What is required: Under this line are records; the part from the line containing "Bewahren Sie Ihr" through the line containing "全台暨七大都會區低度使用住宅宅數。(住商提供)" should be repeated exactly. Please exclude pictures.

Supplied records:
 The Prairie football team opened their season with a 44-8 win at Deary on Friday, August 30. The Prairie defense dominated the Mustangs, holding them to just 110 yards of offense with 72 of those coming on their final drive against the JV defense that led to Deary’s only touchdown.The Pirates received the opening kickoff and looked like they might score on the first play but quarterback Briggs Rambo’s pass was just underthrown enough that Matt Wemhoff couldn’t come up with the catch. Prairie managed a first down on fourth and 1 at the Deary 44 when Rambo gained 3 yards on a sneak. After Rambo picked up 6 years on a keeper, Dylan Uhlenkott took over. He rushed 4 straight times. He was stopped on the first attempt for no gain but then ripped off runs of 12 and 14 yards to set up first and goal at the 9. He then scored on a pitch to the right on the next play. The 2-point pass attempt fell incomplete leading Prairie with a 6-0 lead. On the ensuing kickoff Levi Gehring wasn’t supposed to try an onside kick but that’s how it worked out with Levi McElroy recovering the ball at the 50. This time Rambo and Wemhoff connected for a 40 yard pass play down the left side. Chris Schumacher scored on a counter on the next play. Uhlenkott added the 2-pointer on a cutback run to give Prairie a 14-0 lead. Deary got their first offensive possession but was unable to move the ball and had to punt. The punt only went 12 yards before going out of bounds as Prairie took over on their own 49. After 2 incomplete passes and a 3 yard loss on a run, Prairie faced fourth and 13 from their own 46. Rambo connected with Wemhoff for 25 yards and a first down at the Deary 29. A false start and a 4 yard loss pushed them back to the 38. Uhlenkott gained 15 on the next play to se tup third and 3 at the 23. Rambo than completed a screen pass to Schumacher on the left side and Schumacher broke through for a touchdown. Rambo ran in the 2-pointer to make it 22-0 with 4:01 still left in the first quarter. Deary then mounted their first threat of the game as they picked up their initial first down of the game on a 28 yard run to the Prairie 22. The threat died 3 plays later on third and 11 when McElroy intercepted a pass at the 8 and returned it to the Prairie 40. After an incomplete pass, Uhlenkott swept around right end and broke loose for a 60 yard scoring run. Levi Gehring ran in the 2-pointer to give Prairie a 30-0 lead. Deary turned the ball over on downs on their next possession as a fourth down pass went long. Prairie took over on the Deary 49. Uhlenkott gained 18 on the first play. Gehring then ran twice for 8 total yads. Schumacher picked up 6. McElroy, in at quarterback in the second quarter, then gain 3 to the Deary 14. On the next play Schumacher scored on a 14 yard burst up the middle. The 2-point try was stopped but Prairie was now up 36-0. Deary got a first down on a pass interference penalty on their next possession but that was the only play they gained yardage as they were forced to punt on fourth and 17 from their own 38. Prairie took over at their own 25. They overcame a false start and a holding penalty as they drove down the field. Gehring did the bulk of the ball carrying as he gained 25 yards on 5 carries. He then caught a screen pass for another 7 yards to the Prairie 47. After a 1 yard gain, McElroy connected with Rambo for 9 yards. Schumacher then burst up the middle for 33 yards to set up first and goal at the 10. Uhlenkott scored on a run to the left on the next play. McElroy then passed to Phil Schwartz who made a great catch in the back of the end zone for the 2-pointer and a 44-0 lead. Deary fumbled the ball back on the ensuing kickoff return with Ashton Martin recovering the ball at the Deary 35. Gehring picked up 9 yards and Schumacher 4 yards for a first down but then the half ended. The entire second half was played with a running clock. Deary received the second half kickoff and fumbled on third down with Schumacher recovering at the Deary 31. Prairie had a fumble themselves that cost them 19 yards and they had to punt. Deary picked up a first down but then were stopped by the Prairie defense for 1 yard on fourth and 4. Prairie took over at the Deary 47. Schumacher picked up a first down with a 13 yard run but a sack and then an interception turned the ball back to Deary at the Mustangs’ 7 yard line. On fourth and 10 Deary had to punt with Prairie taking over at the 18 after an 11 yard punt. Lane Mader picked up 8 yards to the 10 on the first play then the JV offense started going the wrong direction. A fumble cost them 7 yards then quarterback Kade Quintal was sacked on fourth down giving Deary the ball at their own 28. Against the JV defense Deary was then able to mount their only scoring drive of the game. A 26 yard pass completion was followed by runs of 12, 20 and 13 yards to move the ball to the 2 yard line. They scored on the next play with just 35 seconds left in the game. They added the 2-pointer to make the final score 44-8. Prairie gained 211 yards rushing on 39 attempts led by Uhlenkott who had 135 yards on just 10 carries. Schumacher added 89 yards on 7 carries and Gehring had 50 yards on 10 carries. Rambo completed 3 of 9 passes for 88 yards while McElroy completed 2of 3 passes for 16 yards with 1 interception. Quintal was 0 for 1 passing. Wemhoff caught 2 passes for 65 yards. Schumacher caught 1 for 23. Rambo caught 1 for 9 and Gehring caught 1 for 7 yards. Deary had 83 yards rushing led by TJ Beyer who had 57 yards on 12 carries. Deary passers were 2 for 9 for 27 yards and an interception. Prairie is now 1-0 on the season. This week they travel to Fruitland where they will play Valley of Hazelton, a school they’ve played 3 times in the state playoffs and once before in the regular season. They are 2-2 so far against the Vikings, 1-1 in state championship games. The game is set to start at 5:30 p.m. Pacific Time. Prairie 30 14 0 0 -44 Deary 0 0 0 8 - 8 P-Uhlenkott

---

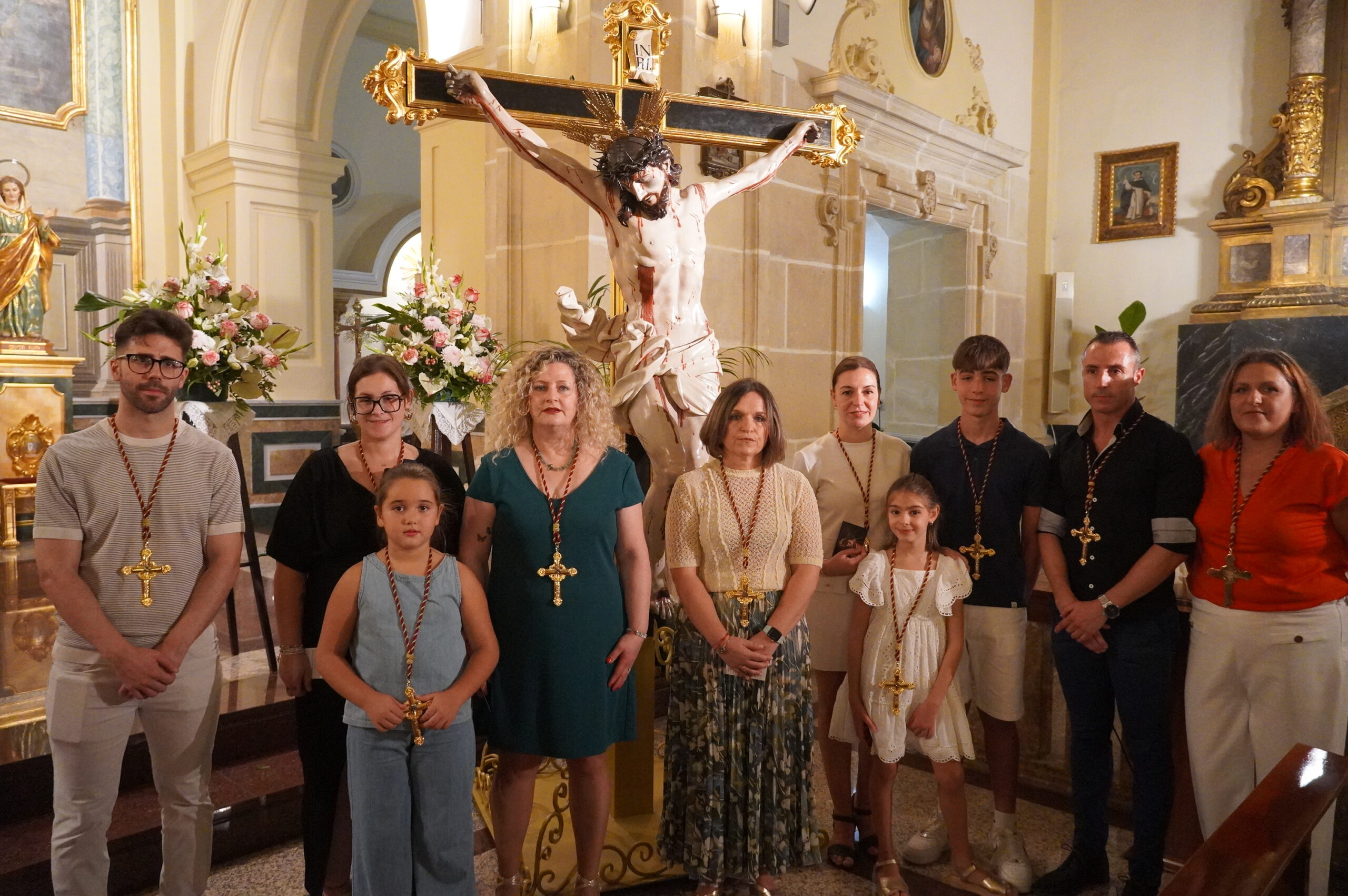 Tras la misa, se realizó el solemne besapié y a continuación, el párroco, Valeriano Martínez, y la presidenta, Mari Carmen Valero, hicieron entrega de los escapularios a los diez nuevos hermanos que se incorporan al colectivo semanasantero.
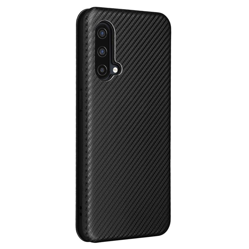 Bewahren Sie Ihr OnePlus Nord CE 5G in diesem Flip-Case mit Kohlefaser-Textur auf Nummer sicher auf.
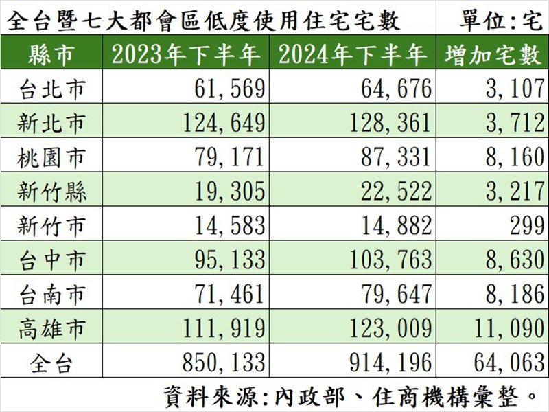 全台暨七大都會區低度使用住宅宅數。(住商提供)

---

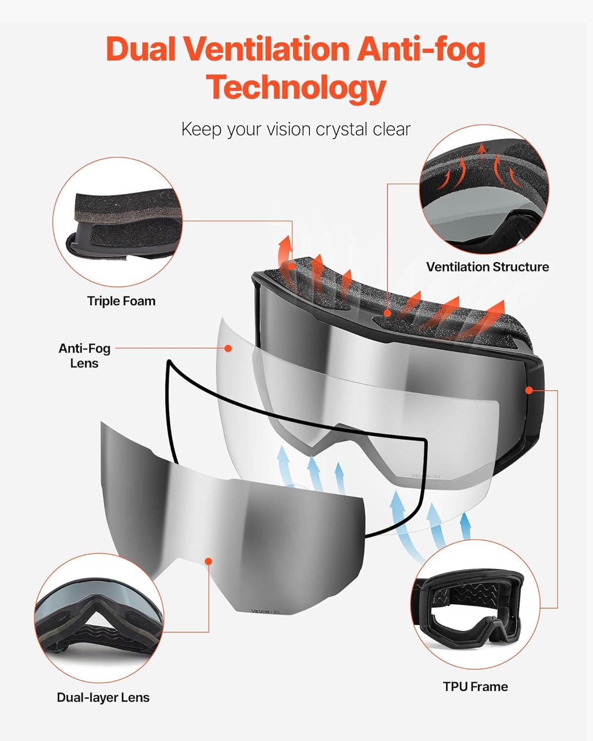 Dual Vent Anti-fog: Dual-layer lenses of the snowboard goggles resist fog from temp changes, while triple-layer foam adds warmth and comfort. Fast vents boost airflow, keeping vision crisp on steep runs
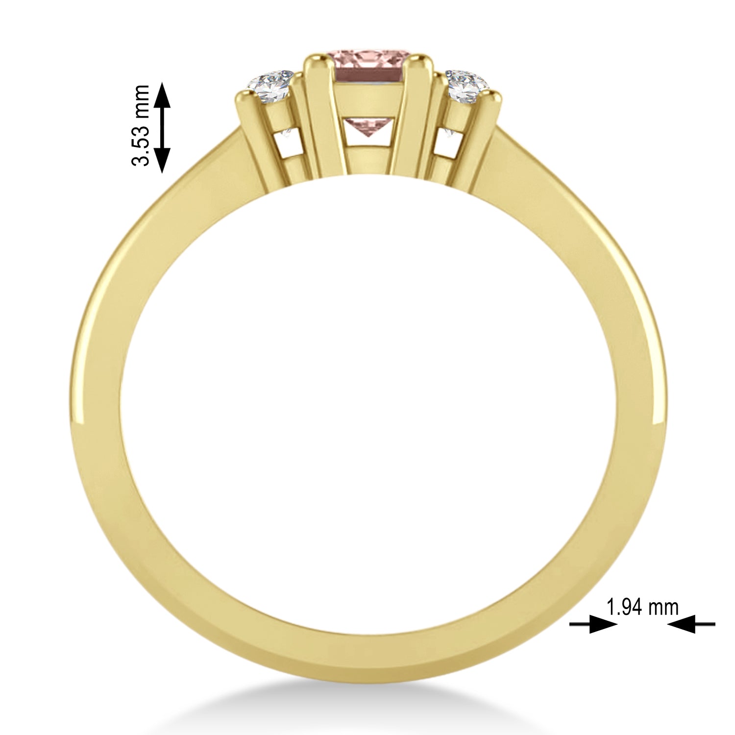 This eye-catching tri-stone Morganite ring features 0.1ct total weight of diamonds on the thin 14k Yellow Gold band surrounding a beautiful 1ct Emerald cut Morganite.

Solution:
 Bewahren Sie Ihr OnePlus Nord CE 5G in diesem Flip-Case mit Kohlefaser-Textur auf Nummer sicher auf.
 全台暨七大都會區低度使用住宅宅數。(住商提供)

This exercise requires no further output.